Wednesday, October 26, 2016

It's a New Day



Yesterday was a good day.  When I posted all that I did, I was able to come to terms with it.  

Finally.

It's not good to have all that bottled up, no... not good at all.

Today, I've come to a conclusion.  As in the picture above, I have a choice:  We all have a choice.

What to do?  What to do?




My personal efforts from now on will be to evolve; To prepare myself for ascension.

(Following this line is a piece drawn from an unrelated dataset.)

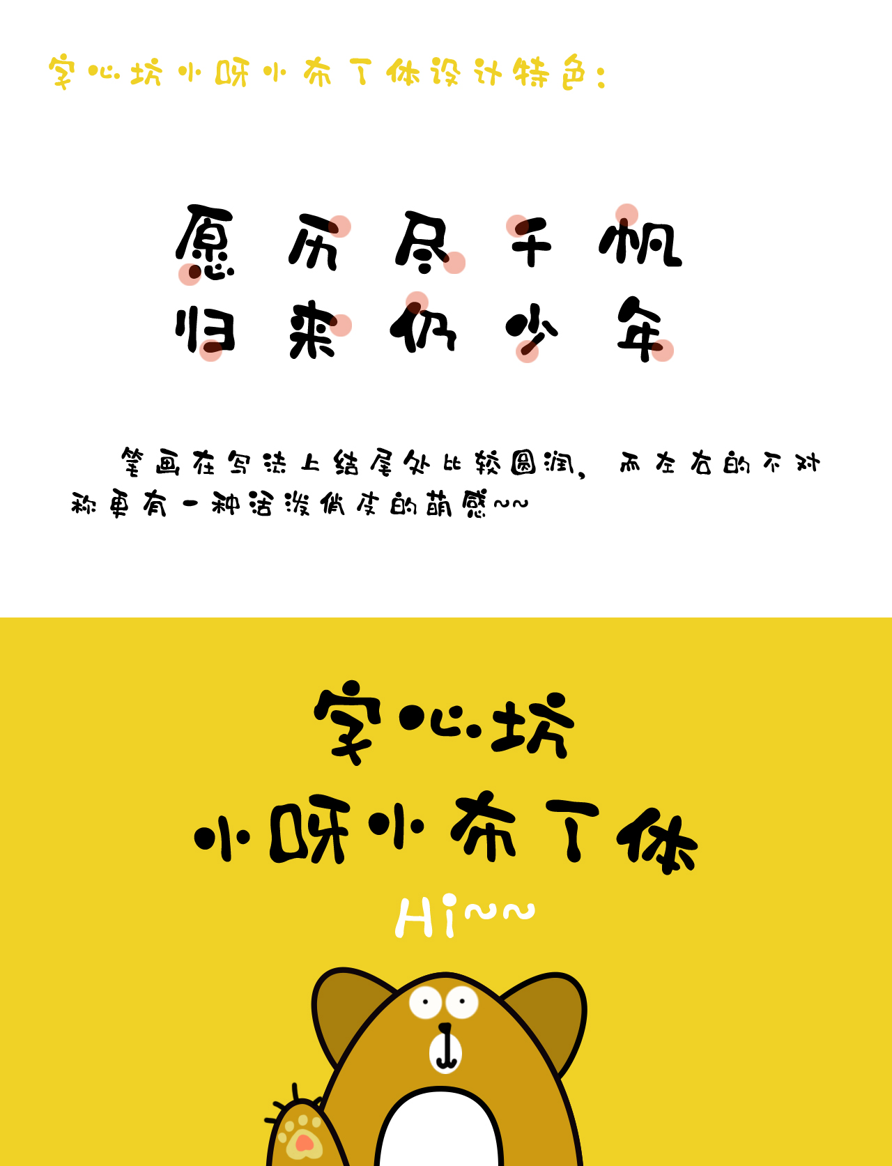 该字体由一位古灵精怪的魔法少女创作而成。前期书写过程能充分的反映出创作者心灵对于美好心境的诠释。后经电脑设计软件进行修正、编辑,最后做成计算机字库。字体风格新颖、可爱、个性、小清新、时尚、有趣,适用于标志、导视、书籍、游戏、动漫、影视、屏显等方面。

No, the blog won't have a new focus per se:  It's always been a diary of sorts anyway.

But underlying it all will be my new focus.  I still enjoy talking about Bunny, and this post is no different.

In the opening picture, the woman painting could very easily represent Bunny and her work on me.

As I steep into world weariness, she's always there... in this case I believe she is calling me to prepare for what most don't have the luxury for:  To prepare for when my life ends corporeally, and begins as a completely spiritual walk.  No, I'm not talking suicide; I'm talking the end of life that every mortal must experience in it's own time.

As magickal and mystical Bunny may be:  She's also pragmatic in nature.

And so, she prepares me for the future.




What will I experience when I leave this mortal coil?  I'm not sure, and the details don't really bother me too much... it's the direction that does.  

What matters is that I am vibrationally aligned with the reality that I want to experience after death.




I will say this:  Sometimes you meet someone who inspires you to follow.  It's not about strength, or how they carry themselves, it's a feeling of coming home.

It's a knowing of where I want to be and most importantly where home is.




When I think of this world of illusion, Bunny reminds me that there's a reason for it.

You see, I'm beginning to believe that this world is perfect in it's imperfections; Just how succubi say that we humans are perfect in our imperfections... I've actually heard the word "adorable" in our imperfections.




This world is to show us, us showing us, in a way... who we really are.

No, I can't explain everything and I don't know everything; I know little.

Bunny is wise, and when I'm thundering and angry (like in yesterday's post) she lets me be.  She lets me have my angry pity party... my "toddler tantrum".  And later, when I'm more open, then she gently speaks what I need to hear.  She teaches me the truth of it.

The world is made to be jagged, to be tearing, to be a catalyst... it does indeed show us who we are, and where we want to go after this world is over (for each of us, individually).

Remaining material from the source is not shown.